# C2M3: Peer Reviewed Assignment

### Outline:
The objectives for this assignment:

1. Motivate the use of two-way ANOVA through real data analysis examples.

2. Interpret the two-way ANOVA model, with and without interaction terms.

3. Construct and interpret interaction plots to visually assess the importance of an interaction term.

4. Conduct hypothesis tests to decide whether a two-way ANOVA interaction term is statistically significant.

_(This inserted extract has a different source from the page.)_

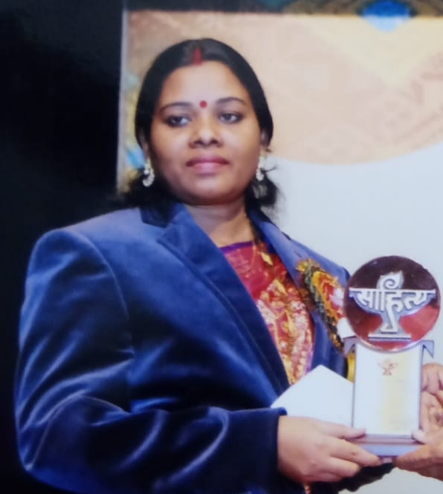 Maina Tudu, Receiving sahitya akademi YUVA PURASKAR for her santali poetry collection "MARSHAL DAHAR".

5. Use the two-way ANOVA and ANCOVA models to answer research questions using real data.


General tips:

1. Read the questions carefully to understand what is being asked.
2. This work will be reviewed by another human, so make sure that you are clear and concise in what your explanations and answers.

In [2]:
# Load Required Packages
library(tidyverse)
library(ggplot2) # a package for nice plots!
library(dplyr)
library(emmeans)

# Problem 1: e-reader data

In this assignment, we learn to answer our two-way ANOVA research questions through the analysis of real data. We will use the ereader data. The study that generated these data can be found here: [P.-C. Chang, S.-Y. Chou, K.-K. Shieh (2013). "Reading Performance and Visual Fatigue When Using Electronic Displays in Long-Duration Reading Tasks Under Various Lighting Conditions," Displays, Vol. 34,
pp. 208-214.](http://users.stat.ufl.edu/~winner/data/ereader1.txt)) 

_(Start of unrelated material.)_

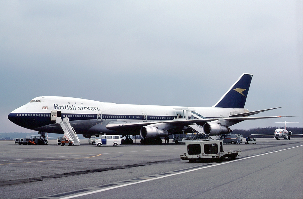 British Airways Boeing 747-100 in basic BOAC livery

Electronic paper display devices, such as the Amazon Kindle have changed the way that people read. But has it changed for the better? In a 2013 study titled "Reading Performance and Visual Fatigue When Using Electronic Displays in Long-Duration Reading Tasks Under Various Lighting Conditions", researchers set out to ask whether reading speed (a continuous variable) differed across different electronic paper displays. In addition, they were also interested in whether different lighting conditions impacted reading speed. As such, this experiment had one response with two different factors:

1. Device type: three different types.
    1. Sony PRS-700 with a 6-in. display, $800 \times 600$ resolution; 
    2. Amazon Kindle DX with a 9.7-in. display, $1200 \times 824$ resolution; and 
    3. iRex 1000S with a 10.2-in. display, $1024 \times 1280$ resolution.

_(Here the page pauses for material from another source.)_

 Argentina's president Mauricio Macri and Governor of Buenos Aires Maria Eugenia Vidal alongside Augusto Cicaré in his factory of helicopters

2. Lighting Condition: four different conditions (200Lx,500Lx, 1000Lx, 1500Lx), Lx = lux, one lumen per square meter


3. Reading Time: measured in seconds.

With these data, we might ask the following **research questions**:

1. Are the effects of device type significant? That is, is there evidence that suggests that individuals read at different speeds based on the device that they are using?


2. Are the effects of lighting conditions significant? That is, is there evidence that suggests that individuals read at different speeds based on the reading lighting conditions?


3. Do device type and lighting conditions *interact*? For example, Suppose that, on average, people can read for longer on device A than on device B, in low light. Is that trend the same in medium light, or bright light? If not, for example, if B is better than A in bright light, then type and lighting interact.

Through this entire analysis, let's set $\alpha = 0.05$. 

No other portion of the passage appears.